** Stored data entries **

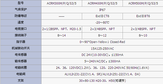 產(chǎn)品簡(jiǎn)介:型號(hào)ACRM300M/P/Q/S3/5ACRM400M/P/Q/S3/5ACRM500M/P/Q/S3/5氣候保護(hù)IP67防爆等級(jí)&mdash...
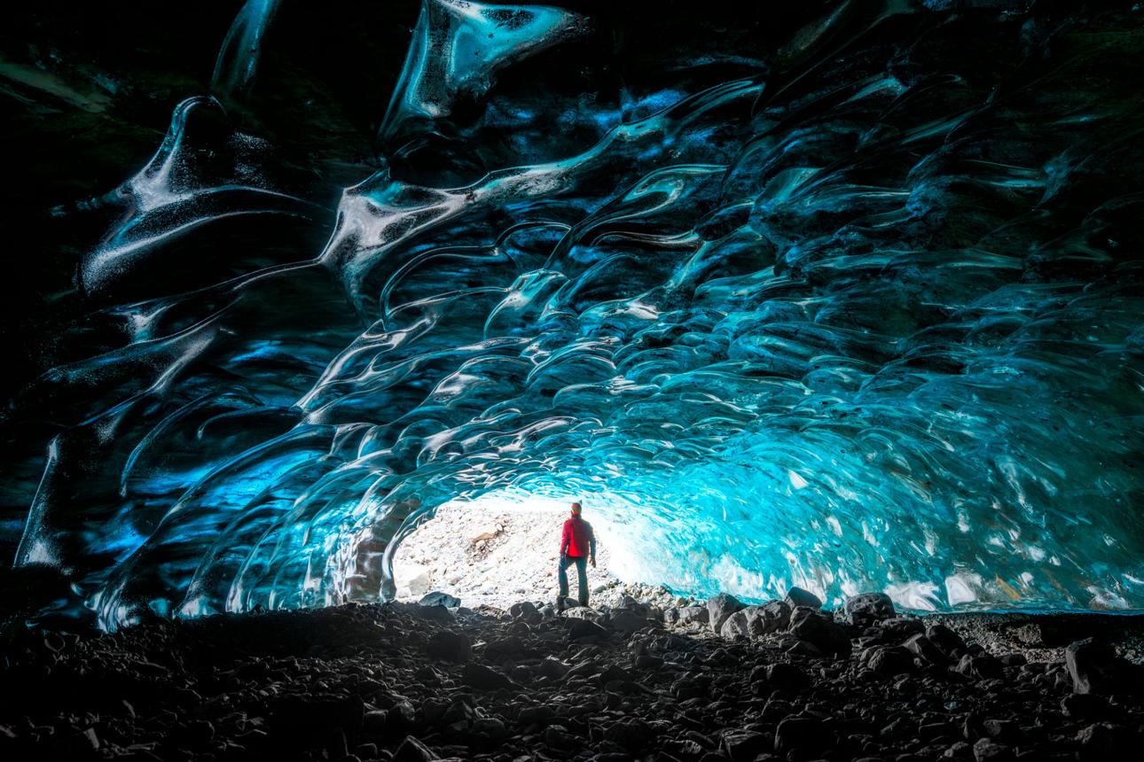Icelandās glaciers are some of the largest in Europe. Exploring an ice cave feels like stepping into a glowing blue crystal world.
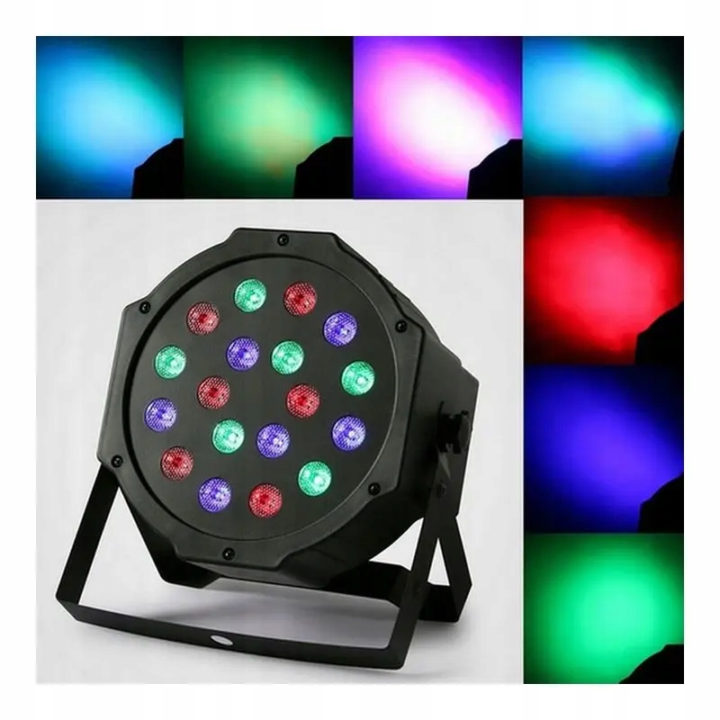 світлодіодні фари з світлими ефектами - DJ -лампа оснащена 18 світлодіодними світлодіодами WRGB (6 х червоний, 6 х синього кольору, 6 х зеленого кольору) та багатоколеним, поєднуючи легкий ефект, що може підтримувати статичне кольори, розважальний, поступовий зміна та стрибки.
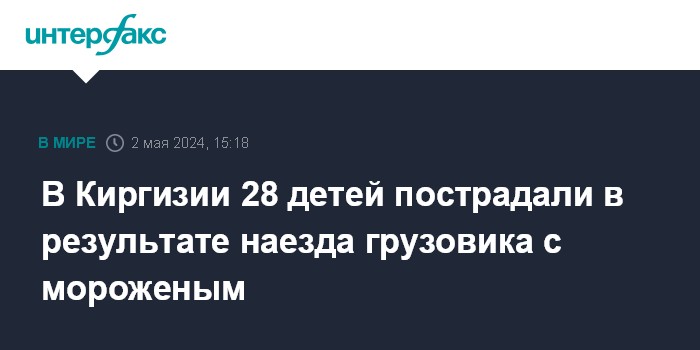 Москва. 2 мая. INTERFAX.RU - В Джалал-Абадской области Киргизии на массовом мероприятии грузовик с мороженым наехал на толпу детей, пострадали 28 детей в возрасте от 9 до 16 лет и один взрослый - учитель, сообщил Миздрав республики.
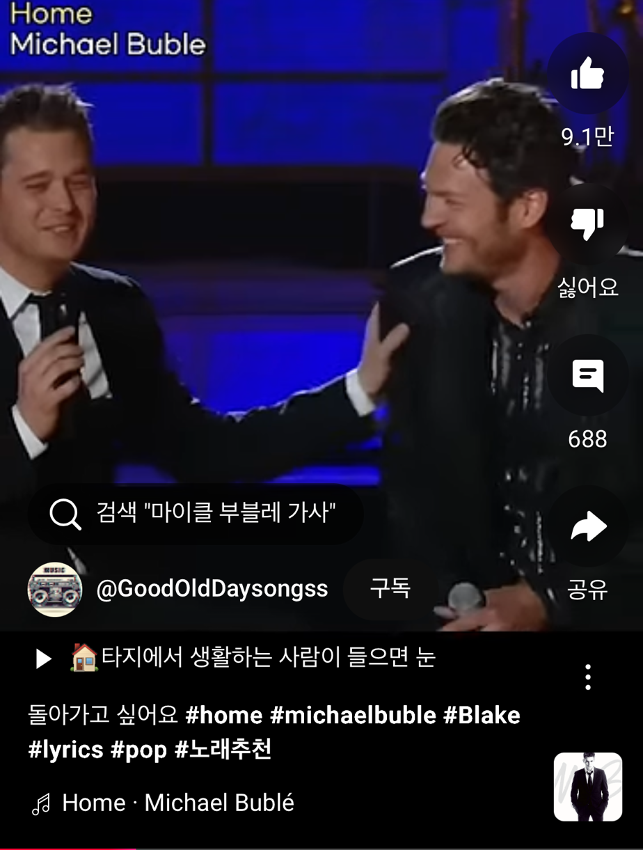 마이크 부블레의 'Home' 쇼츠가..
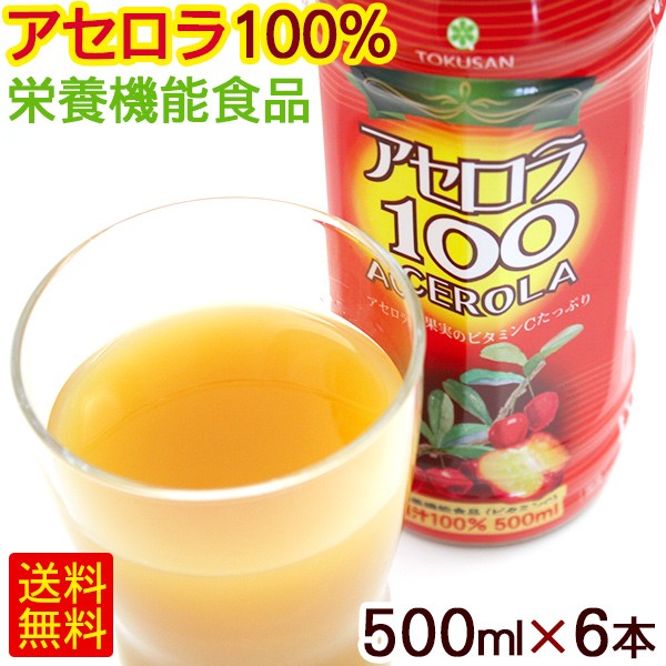 果汁100%アセロラジュース。送料無料500ml×6本セット。
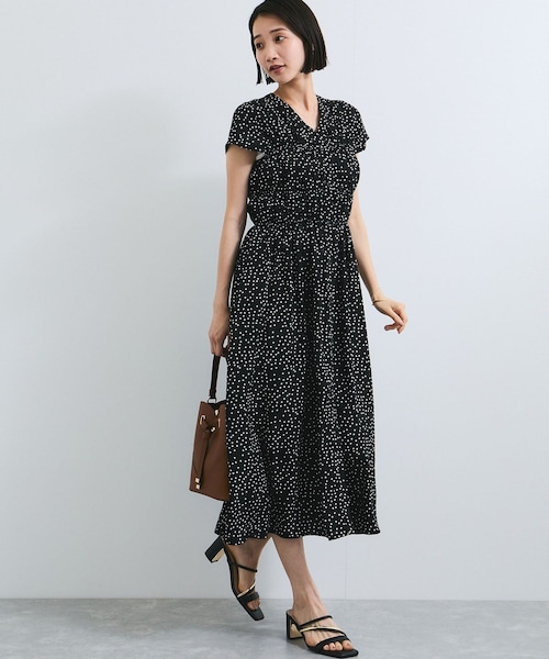 ◆2025春夏◆ <POINT> ・シャツ型をベースにしているのでオンオフで使用可能! ・身頃のシャーリングデザインが華やかさをUP ・前開き仕様で羽織でも使えます ・WEB限定で着丈違いのサイズ展開あり ※PFサイズはWEB限定。 Fサイズより8cm短い丈となります。(着丈以外は同じサイズ) 【デザイン・シルエット】 シルエットは広がり過ぎないスマートなシルエット。 涼し気でリラックして着用できるようにネックデザインは緩いVネックにしています。 身体のラインを拾い過ぎないので、暑い夏でもリラックスして着用できます。 【素材】 無地はシャーリングと相性が良いように固すぎず、柔らかすぎないコシのあるオリジナルのシャツ生地。 ドット柄はさらっとして清涼感のある軽い素材感。 【カラー】 無地でブラウン、ブルー、ブラックはドット柄の3色展開。 【おすすめのスタイリング】 1枚でさらっと華奢なサンダルやスニーカーなどと合わせてスタイリングするのがおすすめです。 前開きのデザインなので、羽織として着用も可能。 アクティブに動かれる際はデニムとタンクにさらっと羽織るスタイリングもおすすめです。 ----------------------------- 裏地:なし 光沢感:なし 透け感:なし(col,45はペチコート等合わせていただくと安心して着用いただけます) 伸縮性:なし ファスナー:後ろにあり ポケット:あり ボタン:あり(開閉可) 生地の厚さ:やや薄手 季節:春、夏、初秋 ----------------------------- 【モデル着用サイズ】 全色モデル身長:165cm、着用サイズ:F ※PFサイズはWEB店舗限定の商品です。実店舗での販売はしておりません。 ※画像の商品はサンプルです。 実際の商品と仕様、加工、サイズが若干異なる場合がございます。 ※画像によっては実際の色味と異なる場合があります。正しい色味は生地アップ画像をご確認ください。
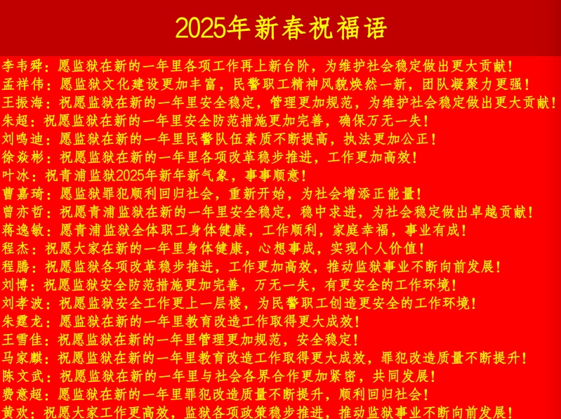 民警们写下新春祝福语,一句句真挚的话语,传递着对同事们的美好祝愿,对监狱高质量发展的坚定信心,展现了监狱民警团结一心、积极向上的精神面貌。
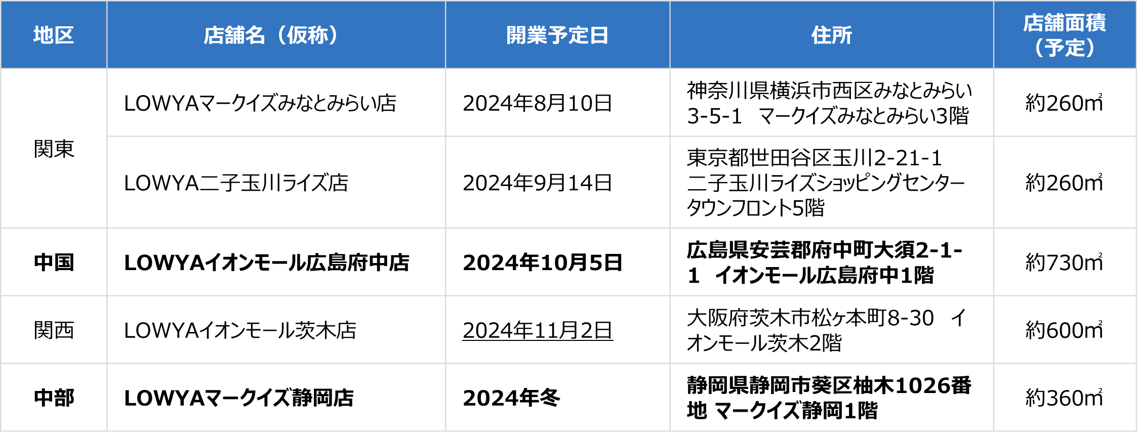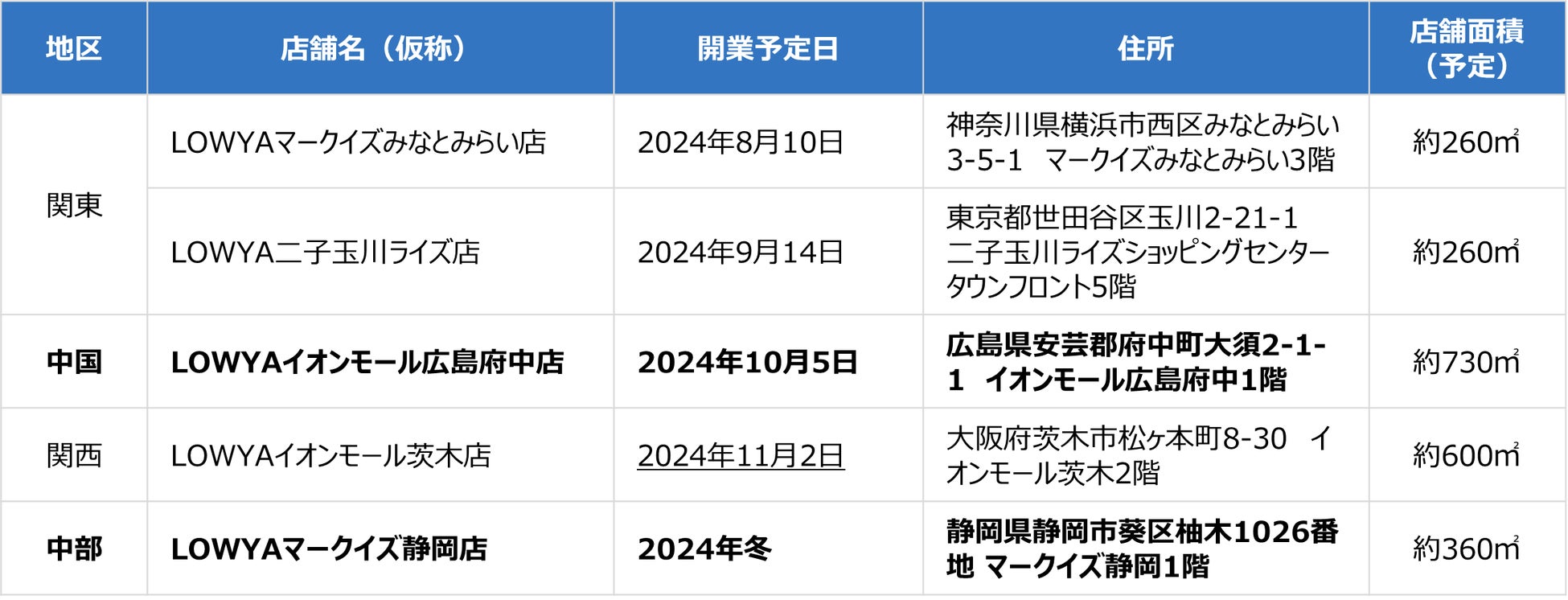 また、2024年10月に開業するLOWYAイオンモール広島府中店(仮称)に関しましては、店舗面積が約730㎡と、LOWYAの実店舗として最大の売り場面積となる予定です。

** WHAT NEEDS TO BE DONE **
The result should be a precise copy of all the entries, free of pictures.

** RESPONSE **
 產(chǎn)品簡(jiǎn)介:型號(hào)ACRM300M/P/Q/S3/5ACRM400M/P/Q/S3/5ACRM500M/P/Q/S3/5氣候保護(hù)IP67防爆等級(jí)&mdash...
Icelandās glaciers are some of the largest in Europe. Exploring an ice cave feels like stepping into a glowing blue crystal world.
 світлодіодні фари з світлими ефектами - DJ -лампа оснащена 18 світлодіодними світлодіодами WRGB (6 х червоний, 6 х синього кольору, 6 х зеленого кольору) та багатоколеним, поєднуючи легкий ефект, що може підтримувати статичне кольори, розважальний, поступовий зміна та стрибки.
 Москва. 2 мая. INTERFAX.RU - В Джалал-Абадской области Киргизии на массовом мероприятии грузовик с мороженым наехал на толпу детей, пострадали 28 детей в возрасте от 9 до 16 лет и один взрослый - учитель, сообщил Миздрав республики.
 마이크 부블레의 'Home' 쇼츠가..
 果汁100%アセロラジュース。送料無料500ml×6本セット。
 ◆2025春夏◆ <POINT> ・シャツ型をベースにしているのでオンオフで使用可能! ・身頃のシャーリングデザインが華やかさをUP ・前開き仕様で羽織でも使えます ・WEB限定で着丈違いのサイズ展開あり ※PFサイズはWEB限定。 Fサイズより8cm短い丈となります。(着丈以外は同じサイズ) 【デザイン・シルエット】 シルエットは広がり過ぎないスマートなシルエット。 涼し気でリラックして着用できるようにネックデザインは緩いVネックにしています。 身体のラインを拾い過ぎないので、暑い夏でもリラックスして着用できます。 【素材】 無地はシャーリングと相性が良いように固すぎず、柔らかすぎないコシのあるオリジナルのシャツ生地。 ドット柄はさらっとして清涼感のある軽い素材感。 【カラー】 無地でブラウン、ブルー、ブラックはドット柄の3色展開。 【おすすめのスタイリング】 1枚でさらっと華奢なサンダルやスニーカーなどと合わせてスタイリングするのがおすすめです。 前開きのデザインなので、羽織として着用も可能。 アクティブに動かれる際はデニムとタンクにさらっと羽織るスタイリングもおすすめです。 ----------------------------- 裏地:なし 光沢感:なし 透け感:なし(col,45はペチコート等合わせていただくと安心して着用いただけます) 伸縮性:なし ファスナー:後ろにあり ポケット:あり ボタン:あり(開閉可) 生地の厚さ:やや薄手 季節:春、夏、初秋 ----------------------------- 【モデル着用サイズ】 全色モデル身長:165cm、着用サイズ:F ※PFサイズはWEB店舗限定の商品です。実店舗での販売はしておりません。 ※画像の商品はサンプルです。 実際の商品と仕様、加工、サイズが若干異なる場合がございます。 ※画像によっては実際の色味と異なる場合があります。正しい色味は生地アップ画像をご確認ください。
 民警们写下新春祝福语,一句句真挚的话语,传递着对同事们的美好祝愿,对监狱高质量发展的坚定信心,展现了监狱民警团结一心、积极向上的精神面貌。
 また、2024年10月に開業するLOWYAイオンモール広島府中店(仮称)に関しましては、店舗面積が約730㎡と、LOWYAの実店舗として最大の売り場面積となる予定です。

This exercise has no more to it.